**Problem to solve:** Reproduce this listing in full.

**Dataset excerpt:**
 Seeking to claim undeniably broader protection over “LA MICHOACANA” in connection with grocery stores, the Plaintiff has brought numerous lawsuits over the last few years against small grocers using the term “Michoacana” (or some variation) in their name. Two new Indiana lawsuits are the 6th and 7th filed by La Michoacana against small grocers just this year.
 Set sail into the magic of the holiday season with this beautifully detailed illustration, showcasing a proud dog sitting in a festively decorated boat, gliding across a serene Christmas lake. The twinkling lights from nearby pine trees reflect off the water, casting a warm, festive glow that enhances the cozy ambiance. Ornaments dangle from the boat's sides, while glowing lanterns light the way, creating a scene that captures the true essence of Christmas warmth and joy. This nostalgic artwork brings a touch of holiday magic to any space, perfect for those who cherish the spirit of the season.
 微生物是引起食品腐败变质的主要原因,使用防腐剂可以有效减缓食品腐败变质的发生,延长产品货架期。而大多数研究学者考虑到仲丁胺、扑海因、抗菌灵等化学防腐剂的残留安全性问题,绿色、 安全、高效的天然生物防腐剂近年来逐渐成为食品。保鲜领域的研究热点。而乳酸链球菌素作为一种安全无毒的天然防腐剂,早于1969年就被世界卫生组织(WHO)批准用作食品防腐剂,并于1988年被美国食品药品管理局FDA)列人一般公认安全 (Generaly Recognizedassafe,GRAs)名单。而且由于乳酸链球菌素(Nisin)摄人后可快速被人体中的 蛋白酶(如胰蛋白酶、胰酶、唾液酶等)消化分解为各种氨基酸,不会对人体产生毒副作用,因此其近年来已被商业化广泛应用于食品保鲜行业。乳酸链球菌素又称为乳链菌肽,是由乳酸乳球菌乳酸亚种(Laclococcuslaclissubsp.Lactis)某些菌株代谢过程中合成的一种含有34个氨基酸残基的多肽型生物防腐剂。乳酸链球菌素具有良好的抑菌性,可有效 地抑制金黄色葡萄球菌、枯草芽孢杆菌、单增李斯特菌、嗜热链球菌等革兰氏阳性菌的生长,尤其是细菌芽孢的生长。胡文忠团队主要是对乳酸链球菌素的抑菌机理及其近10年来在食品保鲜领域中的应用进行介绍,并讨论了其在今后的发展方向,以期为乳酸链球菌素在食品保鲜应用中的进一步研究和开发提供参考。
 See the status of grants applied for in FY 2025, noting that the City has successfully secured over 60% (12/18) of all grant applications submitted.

**Response area:**
 Seeking to claim undeniably broader protection over “LA MICHOACANA” in connection with grocery stores, the Plaintiff has brought numerous lawsuits over the last few years against small grocers using the term “Michoacana” (or some variation) in their name. Two new Indiana lawsuits are the 6th and 7th filed by La Michoacana against small grocers just this year.
 Set sail into the magic of the holiday season with this beautifully detailed illustration, showcasing a proud dog sitting in a festively decorated boat, gliding across a serene Christmas lake. The twinkling lights from nearby pine trees reflect off the water, casting a warm, festive glow that enhances the cozy ambiance. Ornaments dangle from the boat's sides, while glowing lanterns light the way, creating a scene that captures the true essence of Christmas warmth and joy. This nostalgic artwork brings a touch of holiday magic to any space, perfect for those who cherish the spirit of the season.
 微生物是引起食品腐败变质的主要原因,使用防腐剂可以有效减缓食品腐败变质的发生,延长产品货架期。而大多数研究学者考虑到仲丁胺、扑海因、抗菌灵等化学防腐剂的残留安全性问题,绿色、 安全、高效的天然生物防腐剂近年来逐渐成为食品。保鲜领域的研究热点。而乳酸链球菌素作为一种安全无毒的天然防腐剂,早于1969年就被世界卫生组织(WHO)批准用作食品防腐剂,并于1988年被美国食品药品管理局FDA)列人一般公认安全 (Generaly Recognizedassafe,GRAs)名单。而且由于乳酸链球菌素(Nisin)摄人后可快速被人体中的 蛋白酶(如胰蛋白酶、胰酶、唾液酶等)消化分解为各种氨基酸,不会对人体产生毒副作用,因此其近年来已被商业化广泛应用于食品保鲜行业。乳酸链球菌素又称为乳链菌肽,是由乳酸乳球菌乳酸亚种(Laclococcuslaclissubsp.Lactis)某些菌株代谢过程中合成的一种含有34个氨基酸残基的多肽型生物防腐剂。乳酸链球菌素具有良好的抑菌性,可有效 地抑制金黄色葡萄球菌、枯草芽孢杆菌、单增李斯特菌、嗜热链球菌等革兰氏阳性菌的生长,尤其是细菌芽孢的生长。胡文忠团队主要是对乳酸链球菌素的抑菌机理及其近10年来在食品保鲜领域中的应用进行介绍,并讨论了其在今后的发展方向,以期为乳酸链球菌素在食品保鲜应用中的进一步研究和开发提供参考。
 See the status of grants applied for in FY 2025, noting that the City has successfully secured over 60% (12/18) of all grant applications submitted.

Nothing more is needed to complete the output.